DATA TO USE START

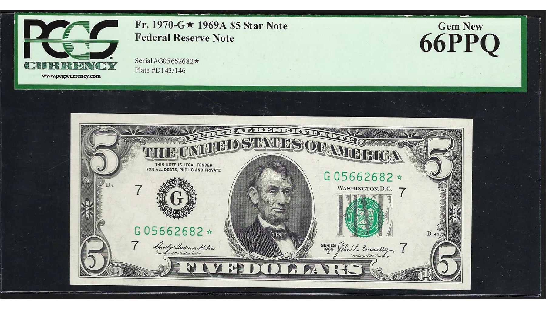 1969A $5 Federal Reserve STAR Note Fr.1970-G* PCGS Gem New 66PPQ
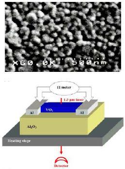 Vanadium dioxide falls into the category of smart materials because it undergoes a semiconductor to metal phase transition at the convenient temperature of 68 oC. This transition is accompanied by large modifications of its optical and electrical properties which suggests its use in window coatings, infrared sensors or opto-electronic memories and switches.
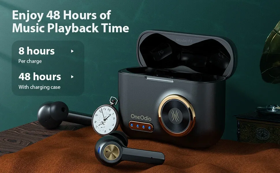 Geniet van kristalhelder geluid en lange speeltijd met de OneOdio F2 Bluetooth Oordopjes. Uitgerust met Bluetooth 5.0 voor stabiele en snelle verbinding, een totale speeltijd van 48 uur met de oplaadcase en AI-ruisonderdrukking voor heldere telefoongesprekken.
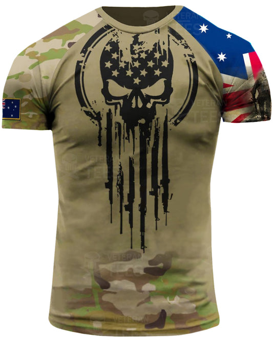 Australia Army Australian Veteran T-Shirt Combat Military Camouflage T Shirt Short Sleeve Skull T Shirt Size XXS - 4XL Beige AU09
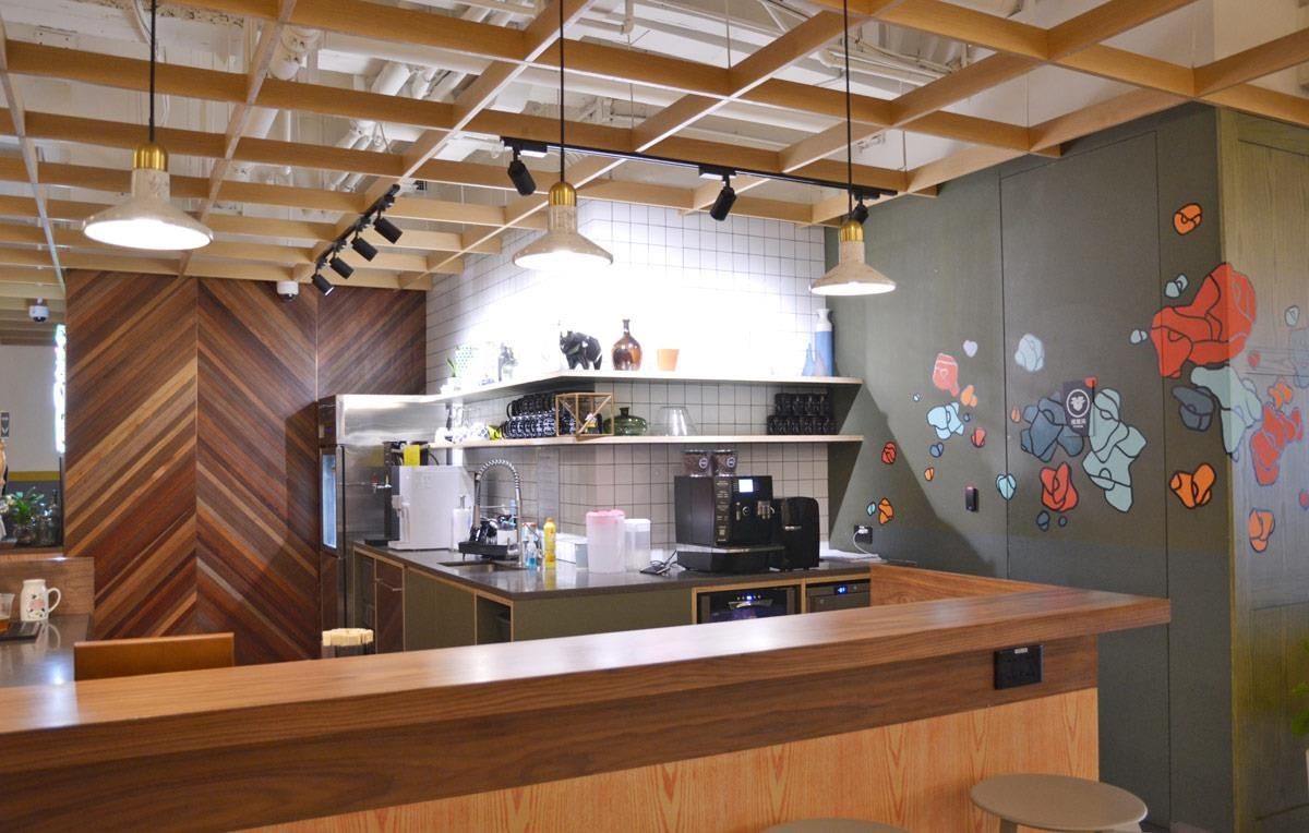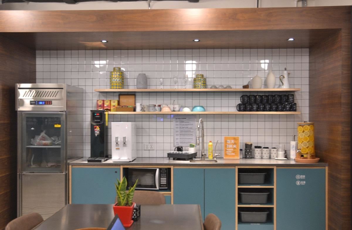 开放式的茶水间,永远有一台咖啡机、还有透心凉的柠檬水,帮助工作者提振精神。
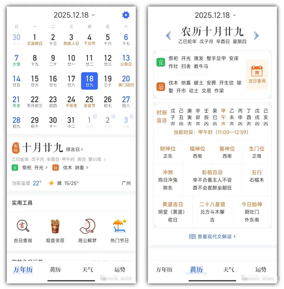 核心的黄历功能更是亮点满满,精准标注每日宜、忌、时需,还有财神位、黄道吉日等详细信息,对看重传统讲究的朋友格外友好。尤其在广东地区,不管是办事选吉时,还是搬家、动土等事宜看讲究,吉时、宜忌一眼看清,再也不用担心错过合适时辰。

DATA TO USE END
DATA TO USE START

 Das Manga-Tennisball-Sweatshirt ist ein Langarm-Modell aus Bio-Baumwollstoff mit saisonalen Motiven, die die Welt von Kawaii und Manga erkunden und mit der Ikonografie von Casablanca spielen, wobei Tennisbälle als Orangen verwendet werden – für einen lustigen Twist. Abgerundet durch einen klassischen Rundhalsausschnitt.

DATA TO USE END

In the listing above, find the line holding "开放式的茶水间,永远有一台咖啡机、还有透心凉的柠檬水,帮助工作者提振精神。" and the line holding "核心的黄历功能更是亮点满满,精准标注每日". Reproduce those two lines and all between them exactly, leaving out pictures.

> [EXPECTED ANSWER]
 开放式的茶水间,永远有一台咖啡机、还有透心凉的柠檬水,帮助工作者提振精神。
 核心的黄历功能更是亮点满满,精准标注每日宜、忌、时需,还有财神位、黄道吉日等详细信息,对看重传统讲究的朋友格外友好。尤其在广东地区,不管是办事选吉时,还是搬家、动土等事宜看讲究,吉时、宜忌一眼看清,再也不用担心错过合适时辰。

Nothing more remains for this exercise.